COMMENT: Are we jumping the gun or is the industry looking to become more ecologically sound?

Is green coming back in fashion for the cycle trade?

The green aspect of cycling figures a lot less in the cycle industry than outsiders might think.

So cycling is a greener way to get around? Great. But that’s a nice additional extra, rather than a reason to shift a new bike, secondary to reasons like ride quality, looks, brand and so on.

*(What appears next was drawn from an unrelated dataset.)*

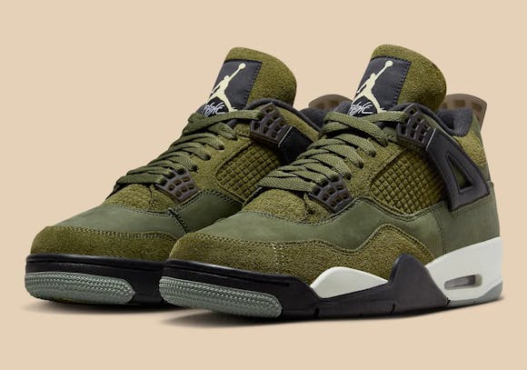 Light green hits are found on the mudguard and eyestays, while we see a darker toned olive on the toebox, collar, and heel. For the wings on the lacing setup, we see the TPU and leather portions both receive a black finish that matches the tongue tag and heel tab. As for Jumpman branding, the logo is doused in a pale vanilla shade. Also like the previous AJ 4 Craft, a lone patch of suede is added to the collar portion, this time found in a tonal green shade. Rounding out the design is the white and black midsole paired with a black and grey outsole.

Reasons to ride like traffic-jam dodging and relative cheapness all seem to figure far higher than ecological concerns.

Maybe vocal climate change doubters and the likes of Jeremy ‘climate change is science fiction’ Clarkson have contributed to ecologically sound ideals being less fashionable than they used to be, say, 15 years ago.

No doubt bringing the majority of cycle product all the way from the Far East, adding to the carbon footprint of the majority of bicycle kit available on the shelves has clouded the issue slightly and left the bicycle’s green credentials altogether less clear cut than one might assume at face value.

But while being green may indeed not be easy, as Kermit the Frog memorably observed, it does seem to be gathering momentum again in the cycle industry.

At Eurobike there was a number of companies making moves to become more ecologically sound. 

Perhaps most obviously, Dahon has launched a ‘Green Award’, stumping up thousands of Euros to a green initiative, whether that’s run by an organisation, company or even city. The folding bicycle manufacturer is also attempting to become more environmentally aware in its practices at its headquarters, cutting down on paper and other similar initiatives. Elsewhere the likes of Cube has launched a ‘Cube Eco Tested’ label for its accessories, meaning they are produced environmentally friendly. And we hear of other manufacturers have been keen to cut down on packaging – particularly for accessories – also handily saving money in the process.

At a time when the consumer is no less stretched than it has been for the last four years – perhaps more stretched than ever – it’s interesting to see bicycle businesses making these moves. Are consumers demanding the cycle industry is more environmentally friendly? Not on any evidence I’ve seen or heard. Instead the movement seems to have come from within.

Whether it will be a flitting ideal forgotten about this time next year remains to be seen, but as another reason for singing the praises of the cycle industry, we’re all for it.